The bishop asks: "If you and I are also personally fond of a person – and see that a mistake has happened for which he has responsibility (whether it is to be blamed on him personally I leave open, see above), would we then publicly break the baton on him? Just as large sections of the public, both inside and outside the church, are now doing? Up to the, from my point of view, inappropriate demand to deprive him of honorary citizenship?" Oster asks about the motives: whether to hit the church as a whole or within the church for "a completely different church" want to worry about.

"The usual way of dealing with these issues at the time"

Oster explains, in the ecclesiastical "system for too long there had been "almost no interest in the concrete fate of people" given "those affected by abuse, and little knowledge of their stories".

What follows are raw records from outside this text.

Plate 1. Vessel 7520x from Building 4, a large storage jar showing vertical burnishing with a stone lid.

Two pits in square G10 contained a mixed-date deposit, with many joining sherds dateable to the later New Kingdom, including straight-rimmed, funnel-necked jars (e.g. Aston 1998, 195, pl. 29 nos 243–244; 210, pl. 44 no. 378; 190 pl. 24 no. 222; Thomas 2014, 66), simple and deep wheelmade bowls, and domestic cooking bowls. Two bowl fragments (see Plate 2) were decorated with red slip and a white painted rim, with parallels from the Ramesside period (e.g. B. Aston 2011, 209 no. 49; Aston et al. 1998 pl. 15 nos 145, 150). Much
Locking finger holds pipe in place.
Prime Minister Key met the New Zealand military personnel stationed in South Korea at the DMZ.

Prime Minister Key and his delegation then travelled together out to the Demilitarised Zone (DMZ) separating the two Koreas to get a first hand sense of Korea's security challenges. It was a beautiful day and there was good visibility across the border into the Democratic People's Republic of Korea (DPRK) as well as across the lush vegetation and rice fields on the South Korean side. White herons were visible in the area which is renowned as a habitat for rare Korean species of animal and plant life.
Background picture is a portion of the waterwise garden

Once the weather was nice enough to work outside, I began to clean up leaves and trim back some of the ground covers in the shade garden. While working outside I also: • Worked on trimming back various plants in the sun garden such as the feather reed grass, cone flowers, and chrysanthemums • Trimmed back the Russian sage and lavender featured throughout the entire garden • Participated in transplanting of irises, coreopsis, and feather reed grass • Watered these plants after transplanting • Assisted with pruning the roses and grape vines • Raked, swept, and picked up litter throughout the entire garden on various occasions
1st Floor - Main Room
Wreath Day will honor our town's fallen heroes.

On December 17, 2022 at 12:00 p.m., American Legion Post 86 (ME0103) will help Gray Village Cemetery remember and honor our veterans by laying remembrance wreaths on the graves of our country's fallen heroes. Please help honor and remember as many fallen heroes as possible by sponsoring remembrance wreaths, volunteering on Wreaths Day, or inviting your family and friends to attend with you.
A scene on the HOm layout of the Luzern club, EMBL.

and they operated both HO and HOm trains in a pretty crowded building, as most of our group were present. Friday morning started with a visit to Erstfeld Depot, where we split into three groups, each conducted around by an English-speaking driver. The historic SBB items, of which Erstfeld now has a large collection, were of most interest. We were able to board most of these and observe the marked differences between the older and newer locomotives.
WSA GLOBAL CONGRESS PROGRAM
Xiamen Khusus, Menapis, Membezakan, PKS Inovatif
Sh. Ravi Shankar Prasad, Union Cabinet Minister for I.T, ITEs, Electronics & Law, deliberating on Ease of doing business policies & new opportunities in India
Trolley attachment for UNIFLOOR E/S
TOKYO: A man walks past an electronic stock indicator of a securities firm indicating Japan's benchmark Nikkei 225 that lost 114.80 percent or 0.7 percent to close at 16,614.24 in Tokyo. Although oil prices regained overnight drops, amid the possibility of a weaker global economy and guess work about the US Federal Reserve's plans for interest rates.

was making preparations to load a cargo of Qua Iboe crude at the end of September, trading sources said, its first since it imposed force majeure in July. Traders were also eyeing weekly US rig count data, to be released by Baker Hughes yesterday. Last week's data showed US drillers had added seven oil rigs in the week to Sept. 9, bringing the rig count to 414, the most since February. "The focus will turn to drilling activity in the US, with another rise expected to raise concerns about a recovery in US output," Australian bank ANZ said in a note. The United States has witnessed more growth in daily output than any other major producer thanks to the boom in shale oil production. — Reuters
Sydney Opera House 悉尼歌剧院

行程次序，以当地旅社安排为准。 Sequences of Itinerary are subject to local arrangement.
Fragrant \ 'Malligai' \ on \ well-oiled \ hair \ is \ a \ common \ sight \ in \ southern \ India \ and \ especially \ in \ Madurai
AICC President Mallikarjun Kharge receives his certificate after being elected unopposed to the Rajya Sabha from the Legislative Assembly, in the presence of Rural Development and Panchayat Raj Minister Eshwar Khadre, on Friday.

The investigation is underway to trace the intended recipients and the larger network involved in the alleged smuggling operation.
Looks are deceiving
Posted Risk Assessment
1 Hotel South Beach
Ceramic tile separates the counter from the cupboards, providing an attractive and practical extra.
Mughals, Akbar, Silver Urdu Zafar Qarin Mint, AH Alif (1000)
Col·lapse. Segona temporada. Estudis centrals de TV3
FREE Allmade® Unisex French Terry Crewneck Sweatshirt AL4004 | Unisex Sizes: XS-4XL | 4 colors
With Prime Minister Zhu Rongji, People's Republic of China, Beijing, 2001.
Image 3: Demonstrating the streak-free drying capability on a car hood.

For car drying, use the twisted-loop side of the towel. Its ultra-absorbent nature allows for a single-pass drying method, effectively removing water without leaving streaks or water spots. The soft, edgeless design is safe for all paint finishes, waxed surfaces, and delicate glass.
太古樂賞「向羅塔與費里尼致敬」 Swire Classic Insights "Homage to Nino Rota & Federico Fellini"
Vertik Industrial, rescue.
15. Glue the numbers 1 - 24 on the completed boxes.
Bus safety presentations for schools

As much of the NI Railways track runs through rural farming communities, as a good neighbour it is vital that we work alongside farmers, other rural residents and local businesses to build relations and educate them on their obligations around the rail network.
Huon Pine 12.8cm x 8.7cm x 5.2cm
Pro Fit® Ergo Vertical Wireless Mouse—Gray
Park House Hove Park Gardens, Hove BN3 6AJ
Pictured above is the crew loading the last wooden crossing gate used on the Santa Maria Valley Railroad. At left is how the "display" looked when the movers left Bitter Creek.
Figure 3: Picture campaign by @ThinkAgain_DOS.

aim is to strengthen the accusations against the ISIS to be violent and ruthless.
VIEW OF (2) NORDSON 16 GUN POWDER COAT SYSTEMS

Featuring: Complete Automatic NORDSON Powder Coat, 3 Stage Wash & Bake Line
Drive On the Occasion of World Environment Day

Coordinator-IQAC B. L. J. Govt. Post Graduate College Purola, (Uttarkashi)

The other three cases that Ratzinger would be accused of misconduct therefore "testify to a customary way of dealing with these issues and the people involved at the time, and ‘customary’ doesn’t mean that you can find it good today.". Oster emphasizes that he cannot see that Benedikt wanted to cover up. "Of course, this still does not take into account the consequences that some omissions had for the victims." He is therefore curious about the further statement on the expert opinion announced by Benedikt.

The long-awaited abuse report for the Archdiocese of Munich-Freising heavily incriminates current and former officials, including Pope Emeritus Benedict XVI.

Joseph Ratzinger had behaved incorrectly in four cases during his tenure as Archbishop of Munich (1977-1982), according to the investigation by the law firm Westpfahl Spilker Wastl (WSW) presented in Munich on Thursday. Archbishop Cardinal Reinhard Marx, the lawyers accuse, among other things, not to have taken sufficient care of cases of sexual abuse.